Mum butt: How to get back in shape after childbirth

Mum butt: How to get back in shape after childbirth


It’s slang for postpartum buttocks that have grown larger, saggier, or flatter than before. Reports have shown that many mothers experience this during and after pregnancy.

This change in the appearance of your butt is caused by a loss of butt fat, changes in your posture, changes in your gluteal muscles, prolonged sitting, and breastfeeding. All of which is a normal physical changes the body undergoes due to pregnancy and breastfeeding.

Weight gain and belly expansion are two factors that cause your butt to change during pregnancy but, changes in skeletal, postural, and alignment also play a role.

To accommodate their growing belly, pregnant women tend to tuck their buttocks under, protrude their hips forward, and sway their upper back backward. This causes muscular and postural imbalances, which can make the butt look flat.

Hormonal fluctuations can also have an impact on your body. The body produces more relaxing hormones during pregnancy. This relaxes the muscles, tendons, and ligaments near the pelvis to prepare for birth.

Another factor that changes the appearance of the butt is breastfeeding. The butt fat is especially high in omega-3 fatty acids, which are necessary for infant brain development.

And because it is richer than the rest of your body’s fat deposits, these brain-building fatty acids stored in your butt are extracted for breast milk production.

While these changes are unavoidable, they are normal, temporary, and, most importantly, fixable. Here is how:

To regain optimal balance, the long-term solution for addressing alignment is to strengthen weak muscles (like your glutes!) and add length to tight muscles.

While that may require the help of a specialist, In the meantime, you can become more aware of your posture and make some simple changes.

If you have a sway posture (pelvis tucked, hips forward), practice bringing your hips back over your heels and relaxing your buttock muscles.

Maintain a well-balanced diet rich in nutrients and calories, especially if you’re breastfeeding. Avoid or limit sugary foods, drinks, solid fat, and processed foods.

Incorporate healthy food options like whole grains, Vegetables, fruits, low-fat dairy, lean protein, high-fiber foods, eggs, nuts, and seeds.

Muscle modifications are necessary for long-term butt transformation. Focused butt workouts are the most effective technique to modify the muscles in your butt (glute muscles).

To increase your activeness, develop your strength, and tone your muscles, try to engage in at least 150 minutes of moderate-intensity activity per week. There are many lower body exercises like glute bridges, hip thrusts, squats, and lunges that can be done at home.

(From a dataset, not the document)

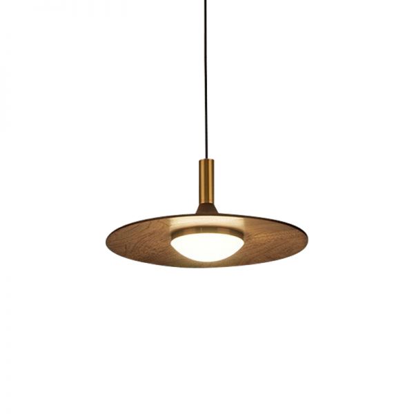 Mid-Century Modern Solid Wood Pendant Light with Brass Accents for Dining Room - 1 110V-120V Warm Light 10"

Mild and simple stretches that are focused on the lower body are also a good way to activate and stretch tight hip and butt muscles.

Sitting for several hours a day exacerbates the muscle imbalances caused by pregnancy.

Your buttocks will remain weak and inactive, while your hip flexors will become tighter if you continue to sit for long hours postnatal.

Set a phone reminder to get up at least once every hour. Alternatively, invest in a fitness tracker that will remind you to stand every hour.

Your body has gone through and is still going through a lot of normal changes, so don’t overdo it.

It is possible to transform your mom’s butt into a sculpted, toned bum. But start slowly by sticking to a healthy eating plan, staying active, and doing exercises that target your butt.